Ogham stone, Gowran, Co. Kilkenny
Co. Kilkenny |
Stone Monuments
An early medieval standing stone, inscribed in one of Ireland's oldest writing systems, spent centuries buried beneath the floor of a church, repurposed as mere building rubble.
It only came to light in 1827, when the chancel of the medieval parish church of St Mary's in Gowran, County Kilkenny, was demolished to make way for a new Church of Ireland building. Whoever laid those foundations had simply slotted the stone in among the other material, face down or sideways, with no apparent concern for what was written on it.

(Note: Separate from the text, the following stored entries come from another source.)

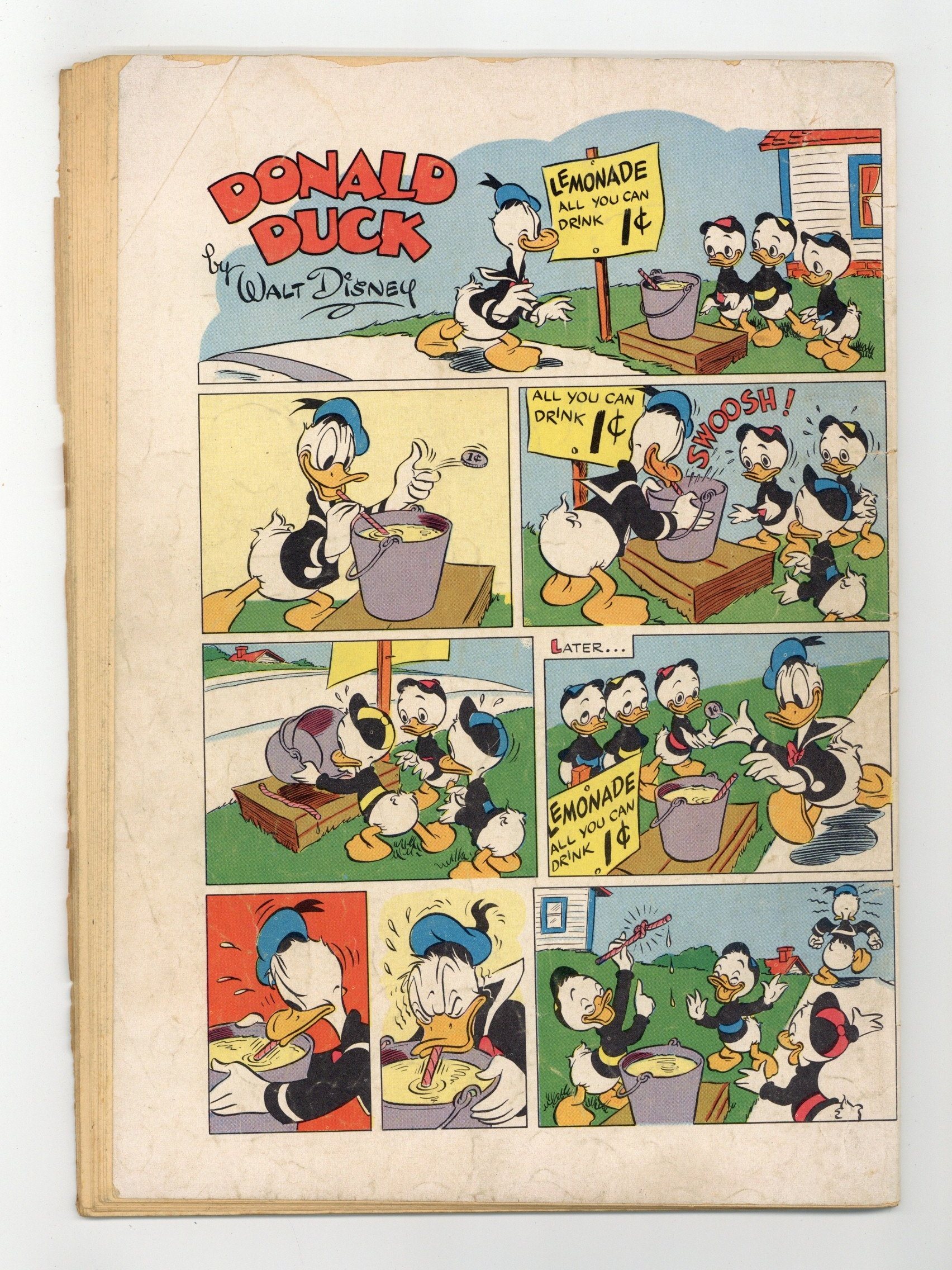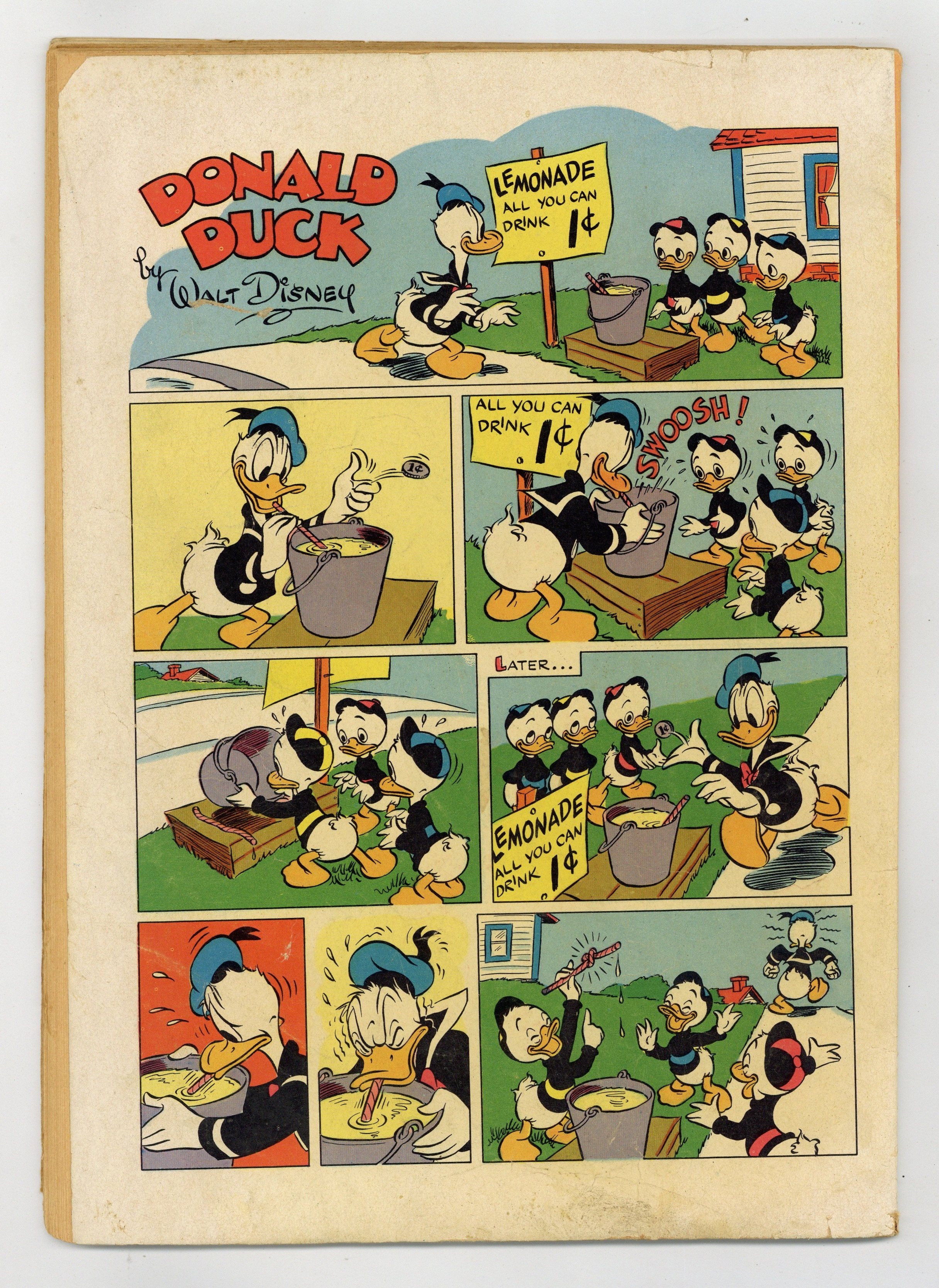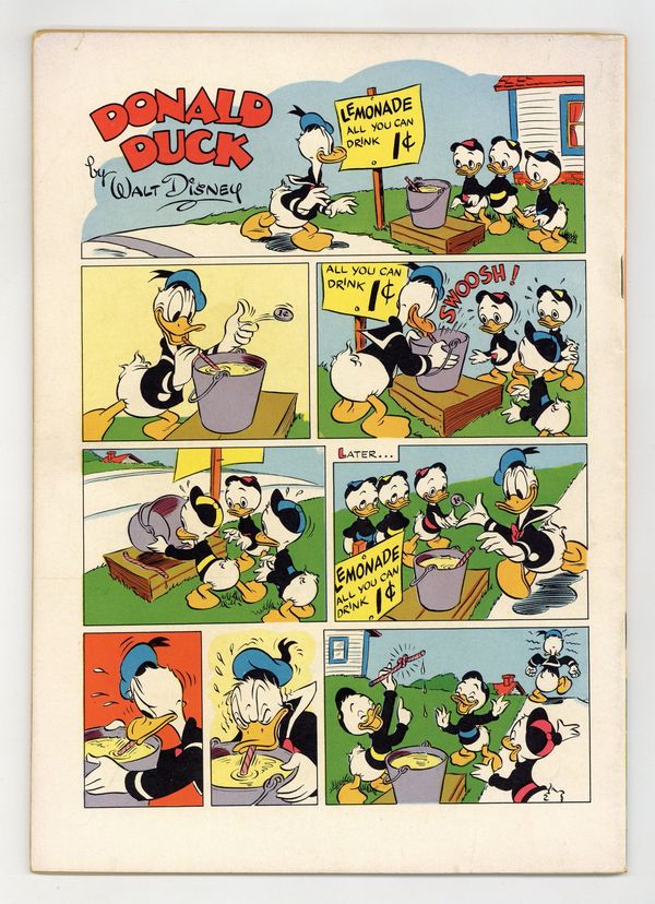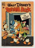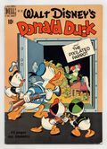 $65.00Indicia title is "Walt Disney's DONALD DUCK and the PIXILATED PARROT, No. 282." Cover art by Carl Barks. Donald Duck and "The Pixilated Parrot, script and art by Carl Barks; Donald gives Uncle Scrooge a parrot that only counts, instead of talking, and Scrooge has the parrot memorize the combination to his safe; which Scrooge has been forgetting. Pig in a Poke, pencils by Riley Thompson; Huey, Dewey, and Louis go to a farm to get an animal to show at the county fair. Fresh Milk and Eggs, art by Paul Murry; Donald is a milkman whose customers complain about not receiving fresh milk and eggs. 52 pages, full color. Cover price $0.10.
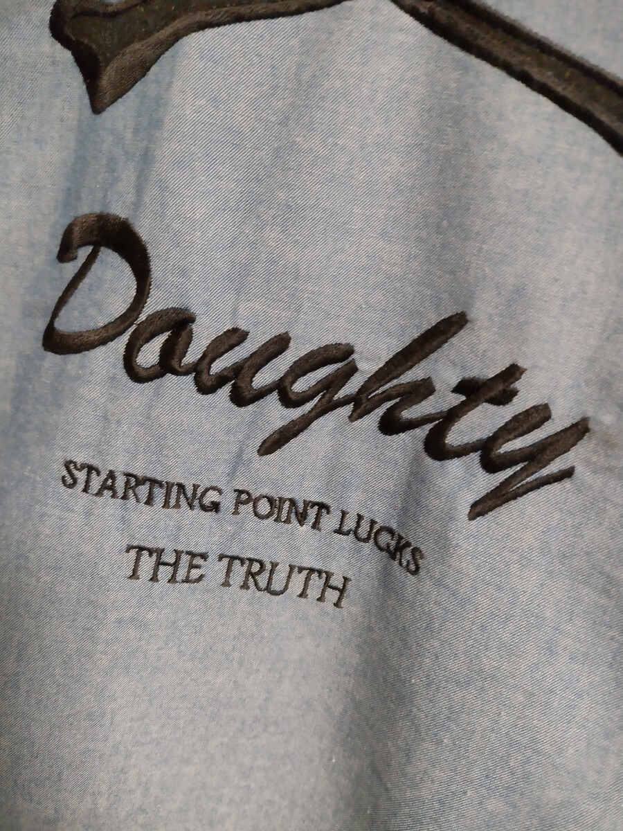 バックの特大刺繍が抜群の存在感を放つお洒落な一枚。
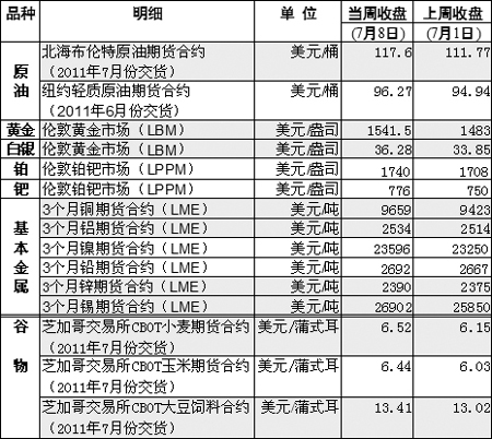 8日公布的美國就業數據顯示,6月份美國新增就業創下9個月最低,失業率為今年以來最高水平,顯示美國就業市場繼續惡化,導致油價下挫,但從全周來看仍然呈現漲勢。截至8日盤終,紐約市場8月交貨的輕質原油期貨價格收于每桶96.20美元,全周上漲1.33%。倫敦市場受北海油田出現減產消息影響,8日的布倫特油價跌幅受限,收于每桶118.33美元,全周上漲5.87%,與紐約油價價差進一步擴大到22美元。

Ogham is an alphabet used primarily between roughly the fourth and seventh centuries, in which letters are rendered as groups of strokes cut along the edge of a stone. The Gowran stone, standing just over one and a half metres tall, carries its inscription along two edges, running upward on both. Despite some chipping, the text is in reasonably good condition. A large cross potent, a cross whose four arms each end in a T-shape, was also cut into what was originally the base of the inscribed face, though whoever carved it did so at a slight angle. Scholars have read the inscription as recording a name in the standard ogham formula of ancestry: something close to MAQI-ERACIAS MAQI DIMAQA MUCO, meaning roughly "son of Eracias, son of Dimaqa, of the tribe of...", with the final portion lost to damage. The reading was worked out by R.A.S. Macalister in 1945 and later revised slightly by Damian McManus in 1997, with both versions leaving portions in brackets to indicate letters that are uncertain or missing.
The stone is currently on display inside the former Church of Ireland building in Gowran, which gives it a quietly layered setting: an object that predates Christianity by several centuries, later carved with a Christian symbol, then buried inside a medieval church, and now housed in a nineteenth-century one.